EL SEGUNDO, USA: Nokia Corp.’s agreement with Microsoft Corp. to make Windows Phone 7 its principal operating system is likely to have a negative near-term impact on the mobile handset leader’s smart phone shipments.
With the announcement of the deal, Nokia is eliminating any incentive for consumers and developers to buy into its existing smart phone products, which are based on its Symbian and MeeGo operating systems.
With the Microsoft deal unlikely to yield any products for nearly one year, Nokia will have no choice except to remain awkwardly reliant on the Symbian and MeeGo platforms in 2011. This will have a further negative impact on the Nokia’s already eroding position in smart phones.
The Microsoft deal also could have negative implications for Nokia’s smart phone business during the long term. Unrelated to this news, IHS recently cut its Nokia shipment forecast significantly during every year through 2014. Although Nokia’s immediate prospects are definitely negative, the longer-term implication of the deal is to add uncertainty to Nokia’s overall outlook. This forebodes ill for Nokia, which doesn’t need additional doubt in its story as it strives to maintain consumer and developer interest.
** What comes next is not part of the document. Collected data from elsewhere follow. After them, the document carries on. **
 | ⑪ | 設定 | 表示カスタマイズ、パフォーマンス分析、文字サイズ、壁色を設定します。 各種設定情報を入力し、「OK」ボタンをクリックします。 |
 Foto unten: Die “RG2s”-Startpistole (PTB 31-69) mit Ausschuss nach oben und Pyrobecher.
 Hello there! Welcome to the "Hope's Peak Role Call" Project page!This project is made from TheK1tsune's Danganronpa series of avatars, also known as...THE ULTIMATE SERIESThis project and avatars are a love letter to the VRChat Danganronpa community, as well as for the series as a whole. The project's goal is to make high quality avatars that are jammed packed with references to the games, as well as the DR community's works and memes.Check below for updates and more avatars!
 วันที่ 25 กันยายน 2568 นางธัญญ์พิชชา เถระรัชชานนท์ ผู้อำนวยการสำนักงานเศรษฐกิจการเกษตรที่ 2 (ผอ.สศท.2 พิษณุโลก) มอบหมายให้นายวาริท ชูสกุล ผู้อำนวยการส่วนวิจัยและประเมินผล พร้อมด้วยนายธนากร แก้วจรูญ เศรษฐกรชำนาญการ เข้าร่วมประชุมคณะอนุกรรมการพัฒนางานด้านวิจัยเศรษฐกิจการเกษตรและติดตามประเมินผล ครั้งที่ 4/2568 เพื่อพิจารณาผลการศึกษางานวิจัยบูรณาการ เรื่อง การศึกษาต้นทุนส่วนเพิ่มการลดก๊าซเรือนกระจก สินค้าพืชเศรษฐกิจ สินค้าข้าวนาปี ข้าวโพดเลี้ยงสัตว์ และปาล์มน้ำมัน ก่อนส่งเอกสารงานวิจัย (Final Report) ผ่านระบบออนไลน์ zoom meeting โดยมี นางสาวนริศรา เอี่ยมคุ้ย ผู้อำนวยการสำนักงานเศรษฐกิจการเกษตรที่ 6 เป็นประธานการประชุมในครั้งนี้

With the news, Nokia issued new guidance for its smart phone sales, saying that 2011 and 2012 will be transition years but that it will grow faster than the market thereafter. Nokia said it still expects to sell 150 more million Symbian devices in years to come, giving an indication of how it expects the Phone 7 handoff to work. IHS now forecasts that Nokia will ship 122 million smart phones in 2011. Assuming Nokia’s internal forecast is similar to ours, Nokia’s Symbian sales guidance implies the Windows Phone 7 transition will occur in early 2012, although a Phone 7 model is likely to arrive before the end of 2011.
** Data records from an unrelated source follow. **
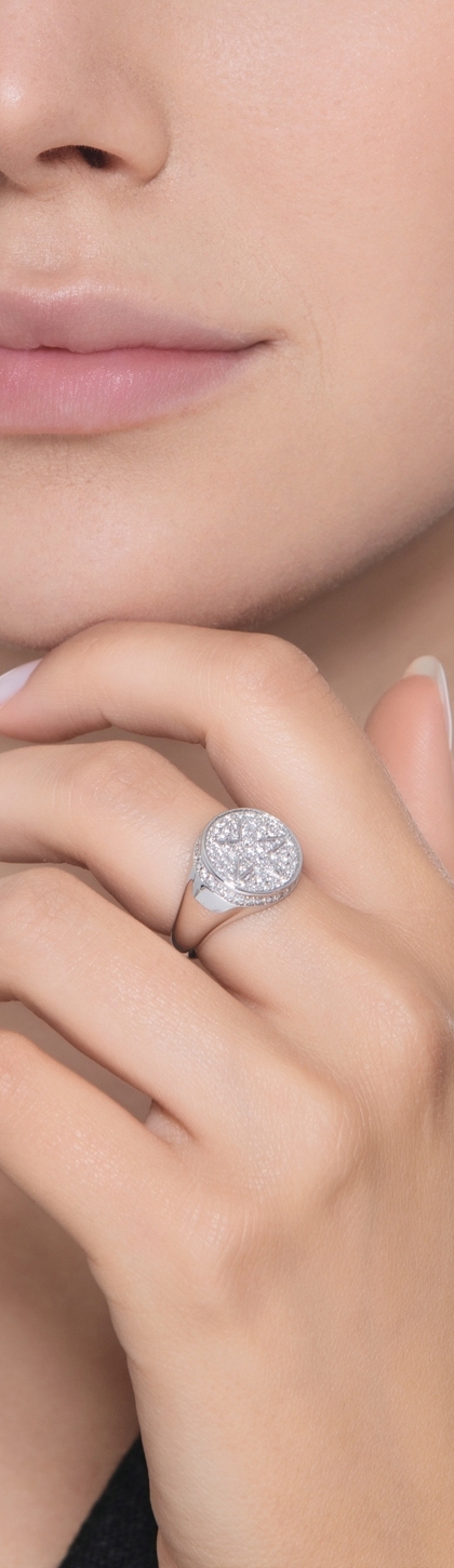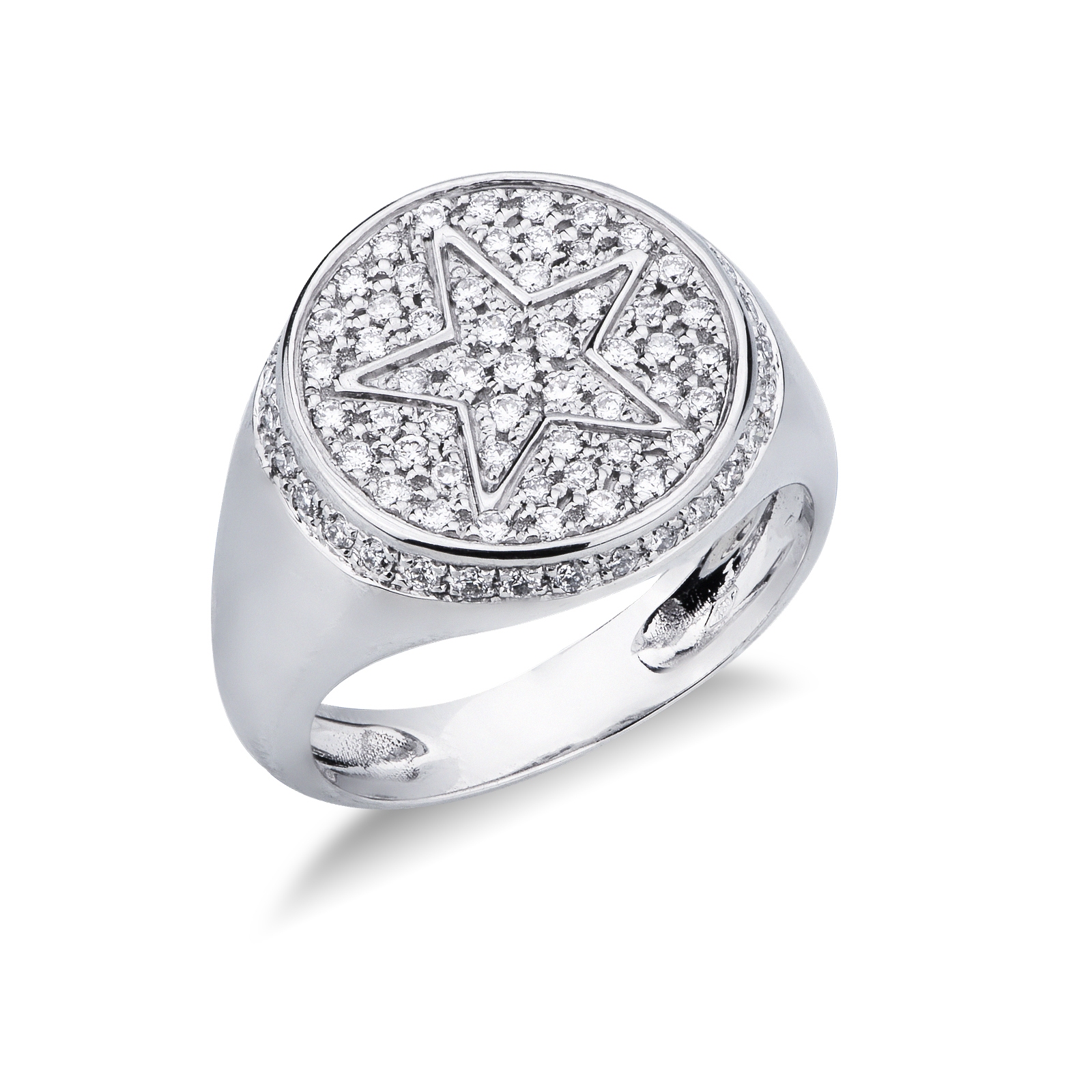 Weißgold 18K Siegelring Damen mit Stern aus Diamanten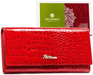 Klasyczny portfel damski skórzany PETERSON czerwony fakturowany RFID STOP Elegancki portfel damski Peterson® #️⃣ Polska marka | Produkt cenionej marki Peterson®, która z ogromnym powodzeniem działa na rynku galanterii skórzanej. #️⃣ Wyjątkowy design | Portfel o oryginalnym stylu z motywem gadziej skóry. To doskonały dodatek, który dopełni Twoje stylizacje. #️⃣ Najwyższa jakość wykonania | Odszyty ze specjalnie wyselekcjonowanej skóry naturalnej, która gwarantuje jakość na lata. #️⃣ Pojemny i funkcjonalny | Liczne przegródki i kieszonki, które pozwolą Ci przechowywać pokaźną ilość kart i gotówki.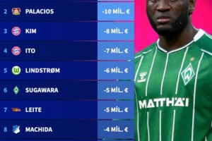 2、帕拉西奧斯(勒沃庫(kù)森):-1000萬(wàn)歐元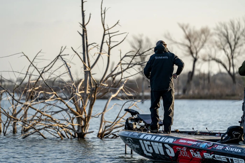 First, during days 1 and 2, anglers reported finding that colder air temperatures had pulled water temperatures several degrees lower than they’d found in practice. Also, John Garrett noted that the front’s strong winds had churned up colder main lake water and pushed it into the shallower creeks and pockets where bass were moving.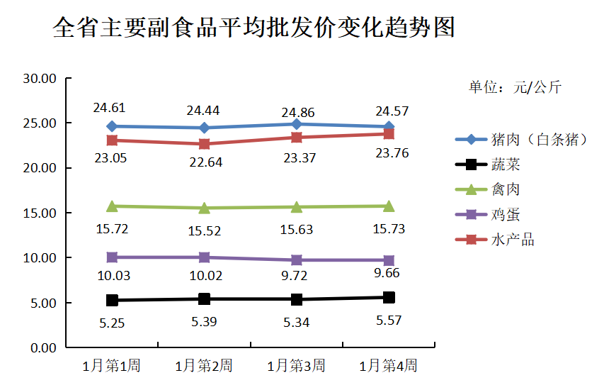 根据全省生活必需品监测系统, 本周数据报告日(1月24日):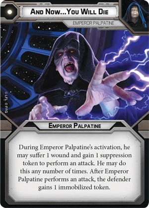 During Emperor Palpatine's activation, he may suffer 1 wound and gain 1 suppression token to perform an attack. He may do this any number of times. After Emperor Palpatine performs an attack, the defender gains 1 immobilized token.

Nokia’s Intel Corp. relationship, which centers of the MeeGo operating system, has taken a serious beating with the Microsoft agreement. Nokia said it still expects to ship a MeeGo-based smart phone later this year. However, it’s difficult not to view the Microsoft deal as anything other than an abandonment of MeeGo.
If Nokia wanted to leave mobile operating system development to another company, IHS thinks Google Inc. and its Android software would have been a better choice. Nokia could have reaped many of the benefits it expects with the Microsoft relationship from either Google or Microsoft. But clearly, the unspecified billions in Microsoft cash payments were an important motivating factor in entering into the deal.